DeepSeek-R1: A State-of-the-Art Reasoning Model for Agentic AI Inference
DeepSeek-R1: A Perfect Example of Test-Time Scaling
DeepSeek-R1 is an open model with state-of-the-art reasoning capabilities. Instead of offering direct responses, reasoning models like DeepSeek-R1 perform multiple inference passes over a query, conducting chain-of-thought, consensus, and search methods to generate the best answer.
The Importance of Test-Time Scaling
Performing this sequence of inference passes – using reason to arrive at the best answer – is known as test-time scaling. DeepSeek-R1 is a perfect example of this scaling law, demonstrating why accelerated computing is critical for the demands of agentic AI inference.

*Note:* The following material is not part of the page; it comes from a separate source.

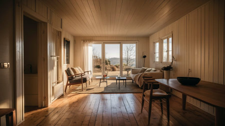 Cozy rustic living room with wooden doors and sunrise view. That the image is generated using AI.

Model Quality and Test-Time Compute
As models are allowed to iteratively “think” through the problem, they create more output tokens and longer generation cycles, so model quality continues to scale. Significant test-time compute is critical to enable both real-time inference and higher-quality responses from reasoning models like DeepSeek-R1, requiring larger inference deployments.
High-Quality Inference and Real-Time Performance
R1 delivers leading accuracy for tasks demanding logical inference, reasoning, math, coding, and language understanding while also delivering high inference efficiency.
Introducing the DeepSeek-R1 NIM Microservice
To help developers securely experiment with these capabilities and build their own specialized agents, the 671-billion-parameter DeepSeek-R1 model is now available as an NVIDIA NIM microservice on build.nvidia.com. The DeepSeek-R1 NIM microservice can deliver up to 3,872 tokens per second on a single NVIDIA HGX H200 system.
Getting Started with the DeepSeek-R1 NIM Microservice
Developers can test and experiment with the application programming interface (API), which is expected to be available soon as a downloadable NIM microservice, part of the NVIDIA AI Enterprise software platform. The DeepSeek-R1 NIM microservice simplifies deployments with support for industry-standard APIs. Enterprises can maximize security and data privacy by running the NIM microservice on their preferred accelerated computing infrastructure.
Creating Customized DeepSeek-R1 NIM Microservices
Using NVIDIA AI Foundry with NVIDIA NeMo software, enterprises will also be able to create customized DeepSeek-R1 NIM microservices for specialized AI agents.
Conclusion
The DeepSeek-R1 model is a large mixture-of-experts (MoE) model that incorporates an impressive 671 billion parameters, supporting a large input context length of 128,000 tokens. The model uses an extreme number of experts per layer, with each layer having 256 experts, with each token routed to eight separate experts in parallel for evaluation.
Frequently Asked Questions
Q: What is the main goal of the DeepSeek-R1 model?
A: The main goal of the DeepSeek-R1 model is to provide state-of-the-art reasoning capabilities for agentic AI inference.
Q: What is test-time scaling?
A: Test-time scaling refers to the process of using reason to arrive at the best answer, which requires multiple inference passes over a query.
Q: What is the importance of test-time compute for reasoning models like DeepSeek-R1?
A: Test-time compute is critical to enable both real-time inference and higher-quality responses from reasoning models like DeepSeek-R1, requiring larger inference deployments.
Q: How can I get started with the DeepSeek-R1 NIM microservice?
A: Developers can experience the DeepSeek-R1 NIM microservice on build.nvidia.com and can test and experiment with the API, which is expected to be available soon as a downloadable NIM microservice, part of the NVIDIA AI Enterprise software platform.